The association between the SHV exposures and levels of depression and anxiety symptoms were estimated using Generalized Estimating Equations (GEE). We built separate models for each exposure-outcome combination, for women and men, respectively. All models were specified with independent working correlation structures, identity link functions and robust sandwich standard error estimators. Follow-up time was included in the models as a categoric variable with three levels (FU3, FU6 and FU9), and we included an interaction term between the exposure and follow-up time to let the association between exposure and outcome vary by the length of follow-up. This modelling approach is analogous to performing separate linear regression models for the outcomes at each follow-up time but has the advantage of providing a statistical test of whether the associations between exposure and the outcomes differs depending on the length of the follow-up.
All models were adjusted for pre-baseline covariates. For covariates assumed to have time-varying associations with the outcomes (i.e. pre-baseline SHV and depression and anxiety symptoms), we also included interaction terms with follow-up time.
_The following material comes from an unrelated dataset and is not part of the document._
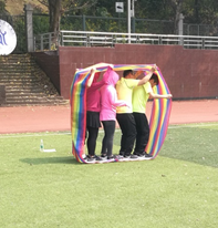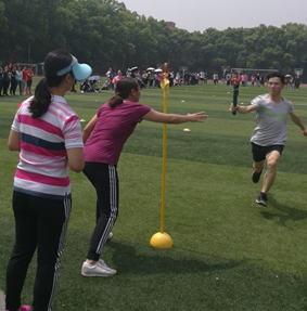 教职工比赛项目还有诸如足球射门、掷飞镖、无敌风火轮、混合迎面接力赛、毛毛虫等生趣盎然的集体趣味项目比赛。每个项目既能锻炼运动员们的体力又趣味十足,激起参赛者高涨的参赛热情。运动员们个个不甘示弱,斗志昂扬,拿出自己的真实本领,展示着自己的精湛技术。整个赛场洋溢着欢声笑语,让大家在欢乐中得到锻炼。

Results are presented as the adjusted estimated mean differences (MD’s) of depression and anxiety symptoms between exposed and unexposed at each follow-up time, along with 95% confidence intervals (CI’s) (Table 3). For FU6 and FU9, where the estimated mean difference was the sum of the estimate for the exposure coefficient and the coefficient for its interaction with follow-up time, CI’s were calculated according to the formula provided by Figueiras, Domenech-Massons and Cadarso [34].
Sensitivity analysisWe had complete data on covariates and exposures for all 3503 participants, but data for the outcomes were missing for participants that were lost to follow-up (Fig. 1). GEEs with missing data are unbiased only if data is missing completely at random (MCAR). To assess the sensitivity of our estimates to the MCAR assumption, we imputed data for missing outcomes using multiple imputation (MI) by chained equations, creating 5 imputed datasets. Imputed values were predicted by all covariates and outcomes with a point-biserial correlation to missingness of at least 0.1, using predictive mean matching. All analyses were performed as described above in all imputed datasets, and estimates were pooled using Rubin’s rules (Online resource eTables 3 and 4). MI allows for the less restrictive missing at random assumption (i.e., that outcome data is missing at random conditional on the variables used to predict imputed values) and provides a sensitivity analysis for potential selection bias due to violations of the MCAR assumption.